==== Data ====

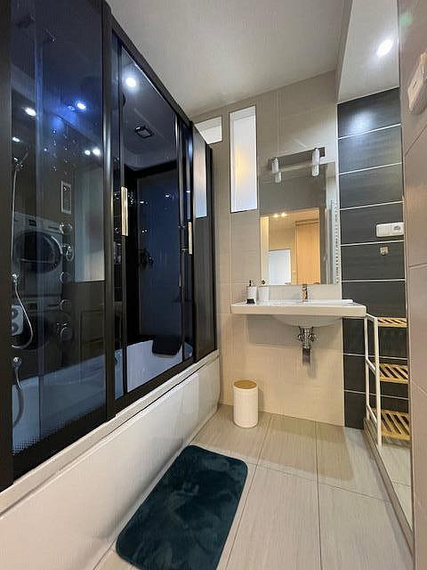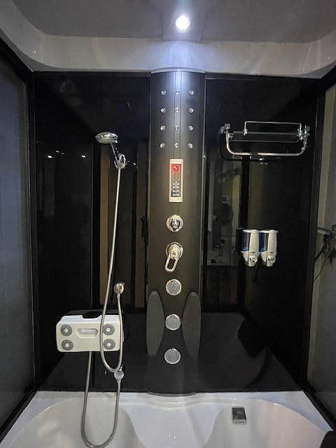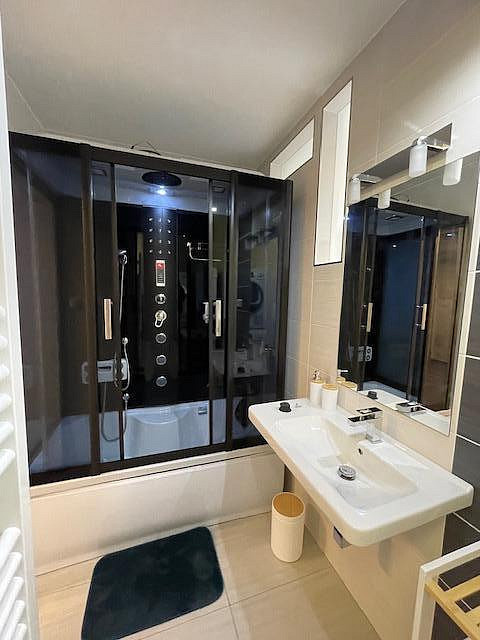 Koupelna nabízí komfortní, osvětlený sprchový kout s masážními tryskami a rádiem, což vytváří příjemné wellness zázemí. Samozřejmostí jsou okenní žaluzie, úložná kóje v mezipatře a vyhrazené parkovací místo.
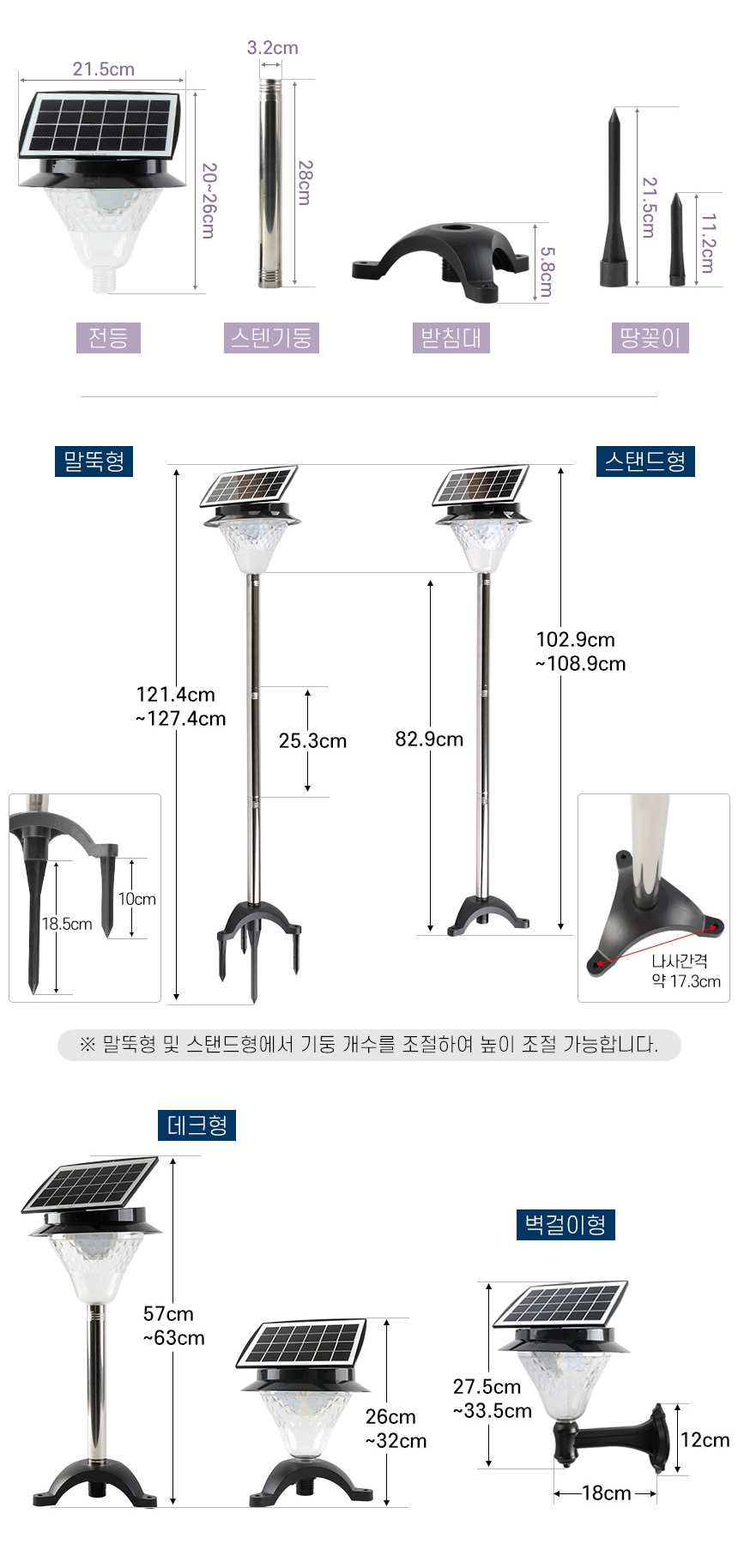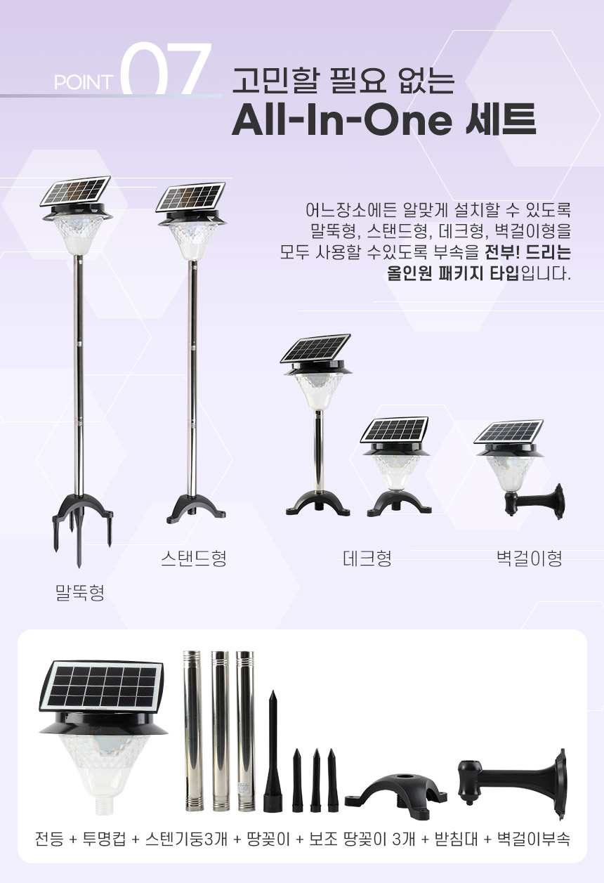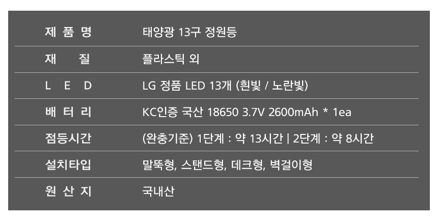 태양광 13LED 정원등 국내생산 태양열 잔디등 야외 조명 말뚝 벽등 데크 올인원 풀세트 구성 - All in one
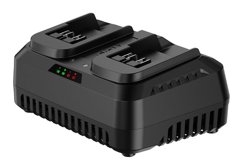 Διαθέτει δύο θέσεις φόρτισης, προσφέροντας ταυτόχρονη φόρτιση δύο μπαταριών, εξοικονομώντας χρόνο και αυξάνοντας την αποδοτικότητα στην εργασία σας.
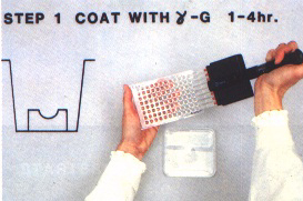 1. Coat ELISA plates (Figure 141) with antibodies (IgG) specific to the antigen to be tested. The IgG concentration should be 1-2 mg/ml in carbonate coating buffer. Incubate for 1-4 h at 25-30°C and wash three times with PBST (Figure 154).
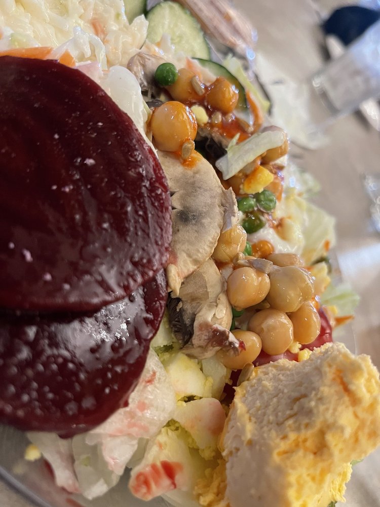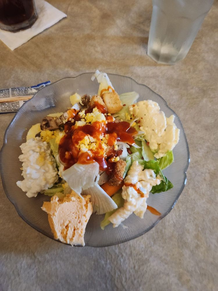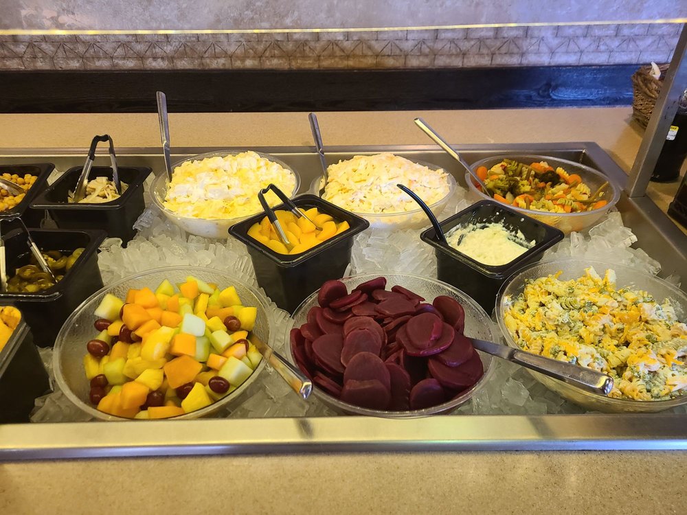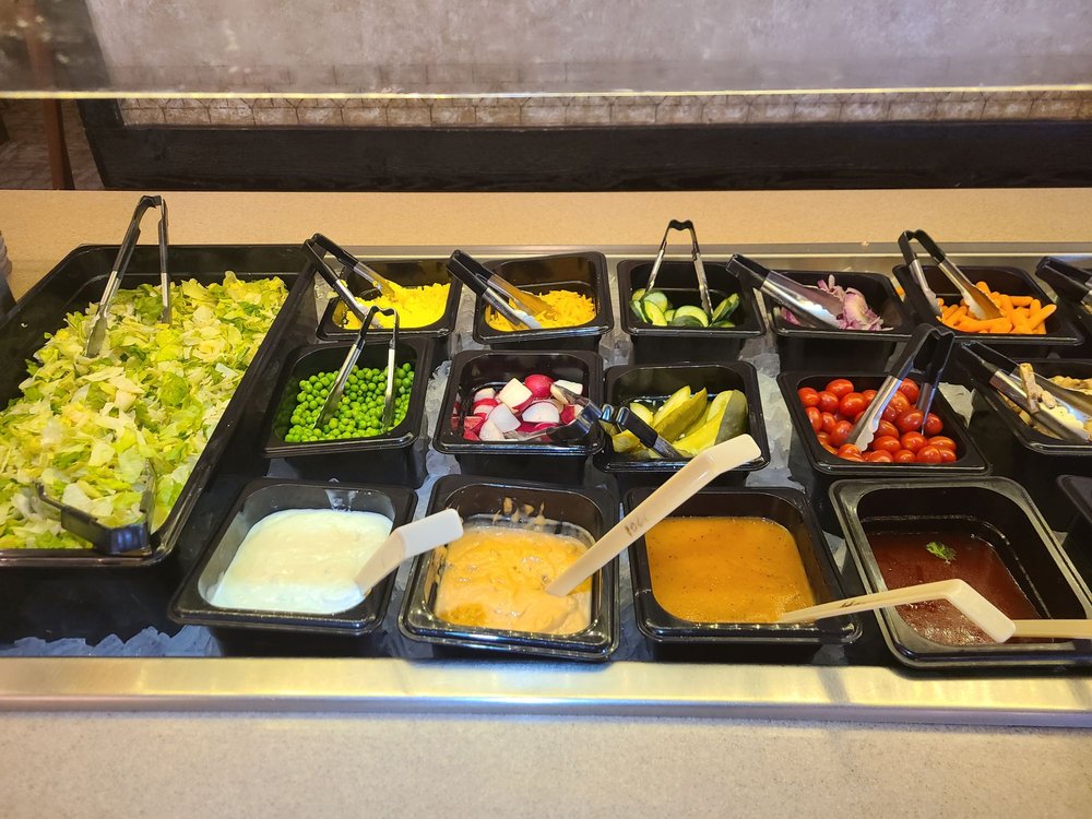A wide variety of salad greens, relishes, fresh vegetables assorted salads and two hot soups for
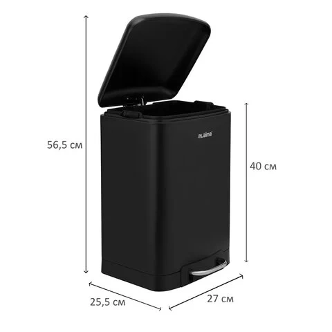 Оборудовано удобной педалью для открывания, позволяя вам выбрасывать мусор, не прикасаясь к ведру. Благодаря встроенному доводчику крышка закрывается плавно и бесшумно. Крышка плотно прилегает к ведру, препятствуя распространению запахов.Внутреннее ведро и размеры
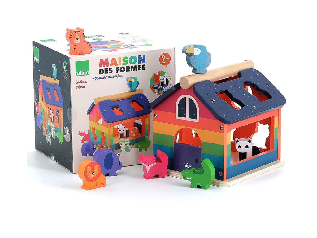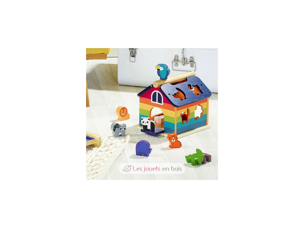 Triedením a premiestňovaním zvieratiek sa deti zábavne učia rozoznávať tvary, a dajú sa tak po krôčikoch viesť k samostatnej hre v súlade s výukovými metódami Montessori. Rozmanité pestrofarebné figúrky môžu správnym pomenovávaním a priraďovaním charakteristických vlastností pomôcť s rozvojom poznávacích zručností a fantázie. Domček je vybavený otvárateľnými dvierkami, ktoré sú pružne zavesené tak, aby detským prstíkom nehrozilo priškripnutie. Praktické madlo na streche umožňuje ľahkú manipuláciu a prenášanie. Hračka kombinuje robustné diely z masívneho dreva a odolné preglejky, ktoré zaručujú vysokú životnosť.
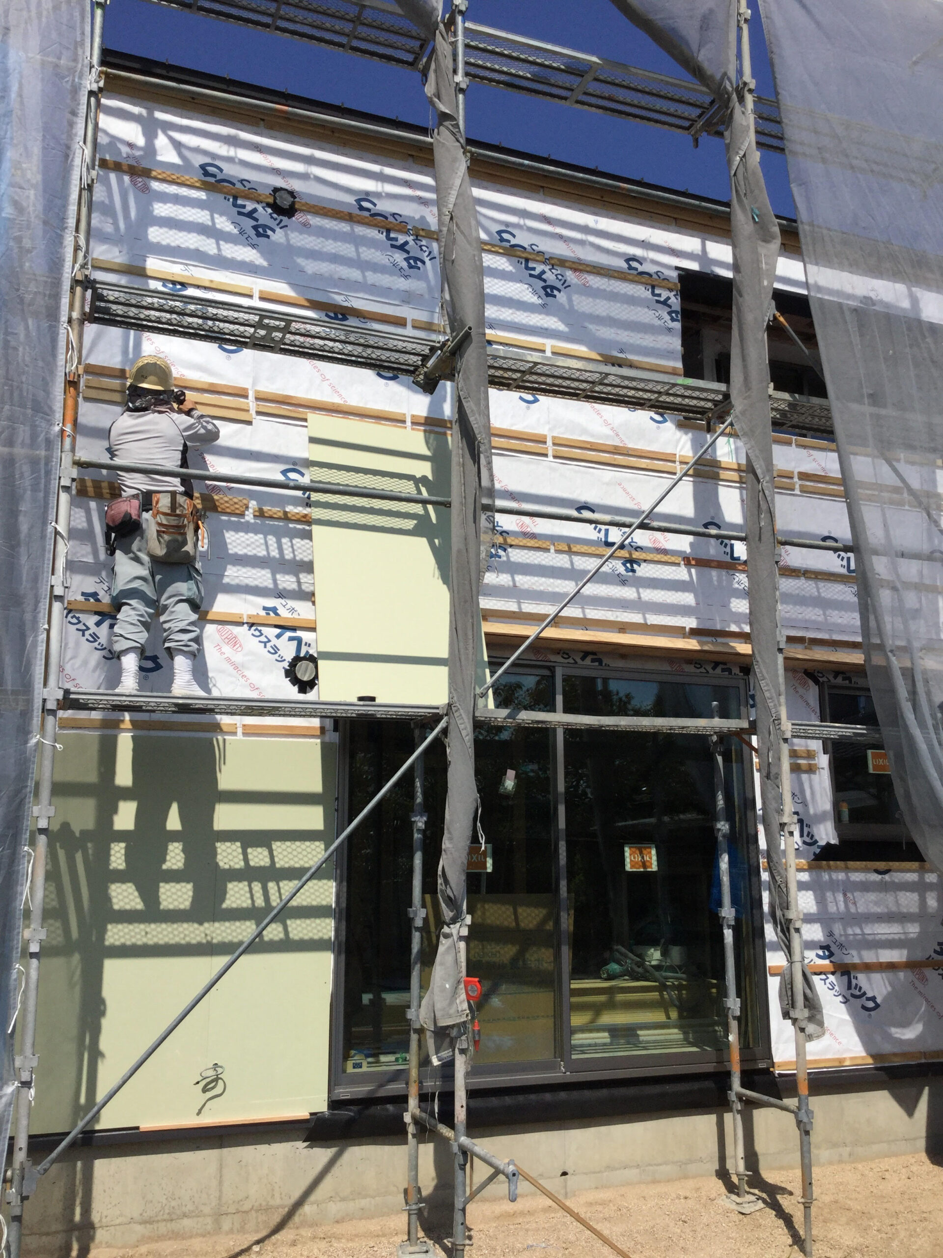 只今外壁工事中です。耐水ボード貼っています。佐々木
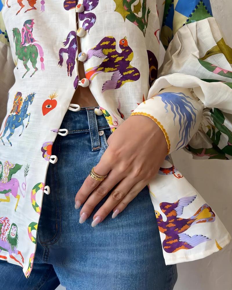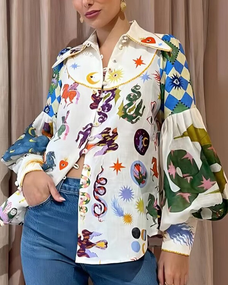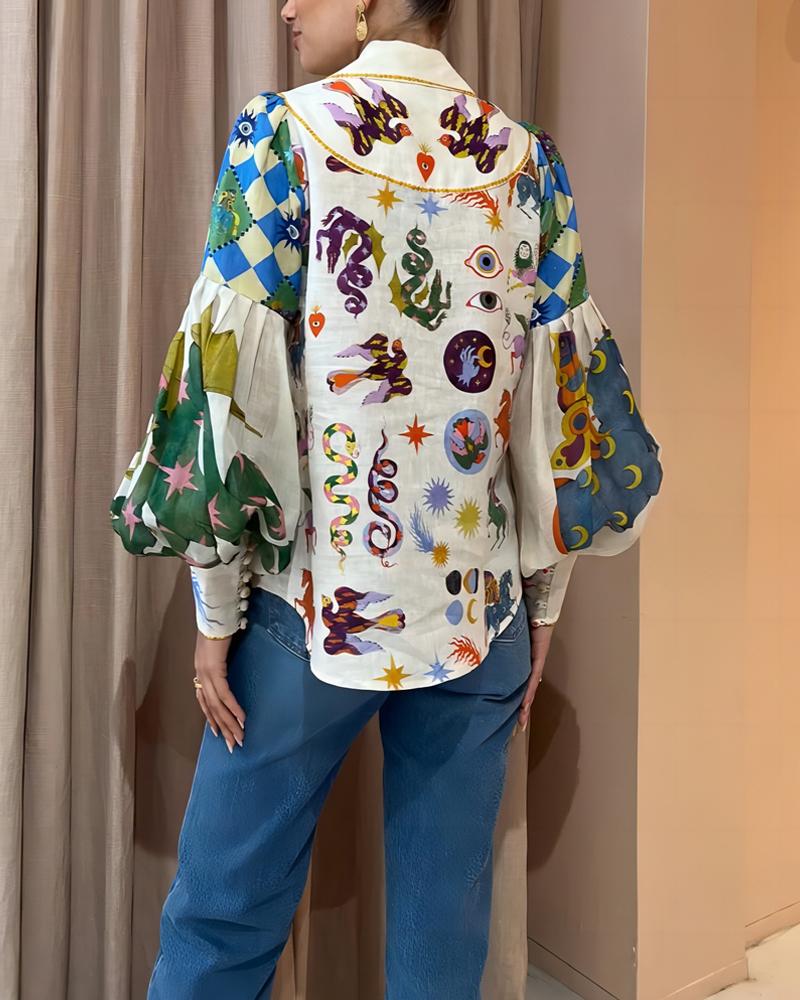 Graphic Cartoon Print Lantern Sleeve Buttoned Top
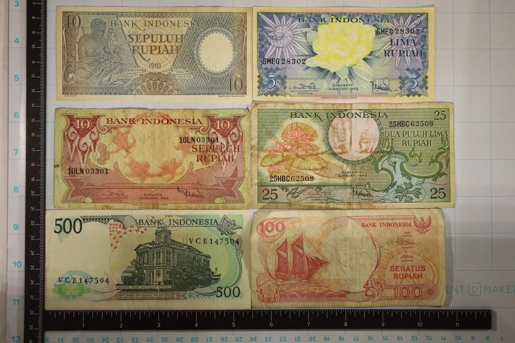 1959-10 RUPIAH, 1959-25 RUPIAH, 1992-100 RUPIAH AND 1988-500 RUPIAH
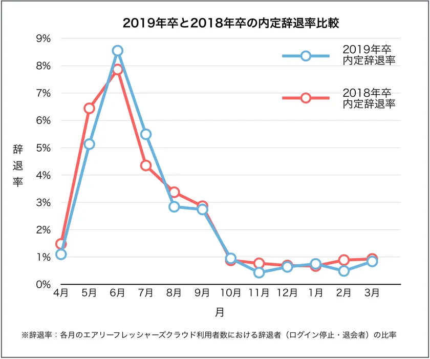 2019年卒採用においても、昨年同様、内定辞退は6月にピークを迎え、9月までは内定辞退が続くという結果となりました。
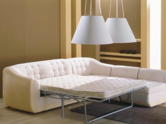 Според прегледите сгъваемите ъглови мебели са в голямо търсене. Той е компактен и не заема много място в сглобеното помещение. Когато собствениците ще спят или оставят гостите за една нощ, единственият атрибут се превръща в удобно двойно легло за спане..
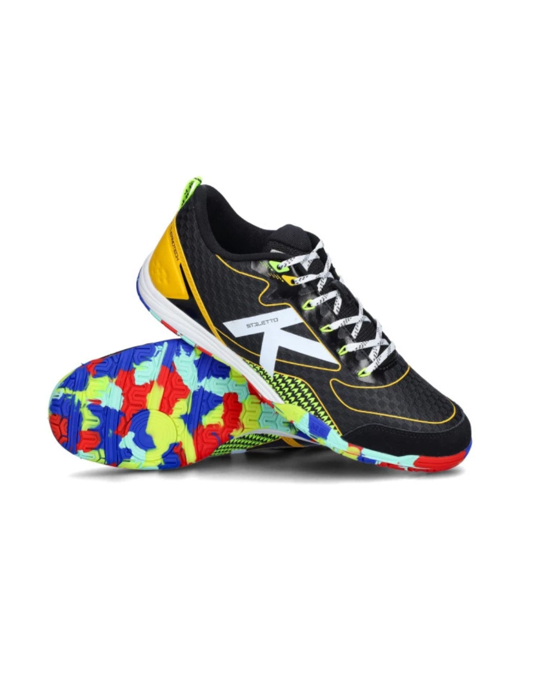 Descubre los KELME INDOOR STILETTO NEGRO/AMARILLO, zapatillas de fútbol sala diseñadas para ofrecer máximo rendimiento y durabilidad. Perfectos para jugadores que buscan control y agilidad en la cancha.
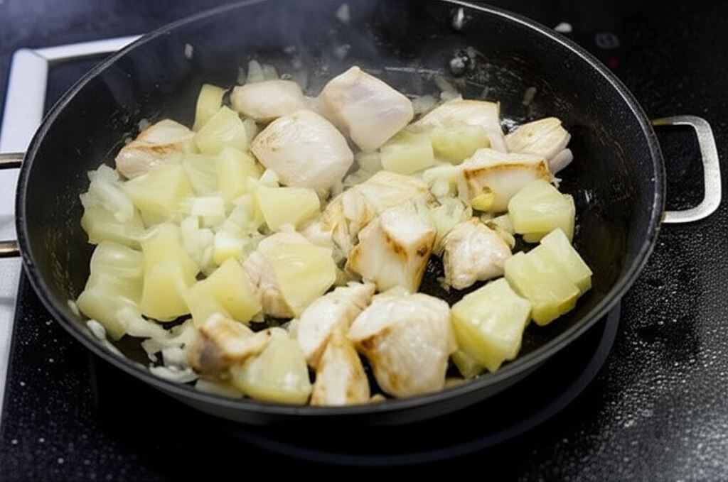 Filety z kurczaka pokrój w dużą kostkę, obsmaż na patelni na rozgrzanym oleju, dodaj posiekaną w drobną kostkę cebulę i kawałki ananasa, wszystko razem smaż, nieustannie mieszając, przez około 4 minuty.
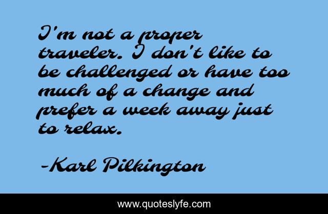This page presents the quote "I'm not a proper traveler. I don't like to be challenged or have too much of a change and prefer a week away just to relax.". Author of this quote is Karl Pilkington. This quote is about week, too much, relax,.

====

(Requirement): Copy only the lines above from the one containing "只今外壁工事中です。耐水ボード貼っています。佐々木" through the one containing "2019年卒採用においても、", both included. Leave out the pictures.

(Problem solution):
 只今外壁工事中です。耐水ボード貼っています。佐々木
 Graphic Cartoon Print Lantern Sleeve Buttoned Top
 1959-10 RUPIAH, 1959-25 RUPIAH, 1992-100 RUPIAH AND 1988-500 RUPIAH
 2019年卒採用においても、昨年同様、内定辞退は6月にピークを迎え、9月までは内定辞退が続くという結果となりました。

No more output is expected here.